Donald J. Salls (June 24, 1919 – January 2, 2021) was an American college football player and coach. He served as the head football coach at Jacksonville State University from 1946 to 1952 and from 1954 to 1964. He was a World War II veteran and a Purple Heart recipient. He died in January 2021 at the age of 101.

==Head coaching record==

| Year | Team | Overall | Conference | Standing | Bowl/playoffs |
Jacksonville State Gamecocks (Alabama Intercollegiate Conference) (1946–1952, 1954–1958)

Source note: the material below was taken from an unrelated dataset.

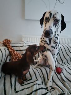 We have used Helen to mind our mini daschund Frankie since he was a 4 month old puppy, he is 17 months old now. He is a typical daschund, timid and a fussy eater but Helen is great with him helping him to socialise with other dogs and helping him build his confidence. She takes excellent care of him in her lovely home and when we are away sends us photos and videos to put our mind at ease. We miss him terribly when we are away but wouldn't leave him with anyone else as we Know he is well looked after and cared for

| 1946 | Jacksonville State | 3–5–1 | 1–1–1 | 3rd |  |
| 1947 | Jacksonville State | 9–0 | 3–0 | 1st |  |
| 1948 | Jacksonville State | 8–1–1 | 4–0 | 1st | W Paper Bowl |
| 1949 | Jacksonville State | 6–3 | 3–2 | 3rd | W Paper Bowl |
| 1950 | Jacksonville State | 6–2–1 | 2–1 |  | L Paper Bowl |
| 1951 | Jacksonville State | 3–3–2 | 2–0 |  |  |
| 1952 | Jacksonville State | 3–6 | 0–3 |  |  |
| 1954 | Jacksonville State | 7–2–1 | 2–1 |  |  |
| 1955 | Jacksonville State | 10–1 | 2–1 |  | W Refrigerator Bowl |
| 1956 | Jacksonville State | 5–3 | 2–1 |  |  |
| 1957 | Jacksonville State | 4–4 | 2–0 | T–1st |  |
| 1958 | Jacksonville State | 5–4 | 2–0 |  |  |
Jacksonville State Gamecocks (Alabama Collegiate Conference) (1959–1964)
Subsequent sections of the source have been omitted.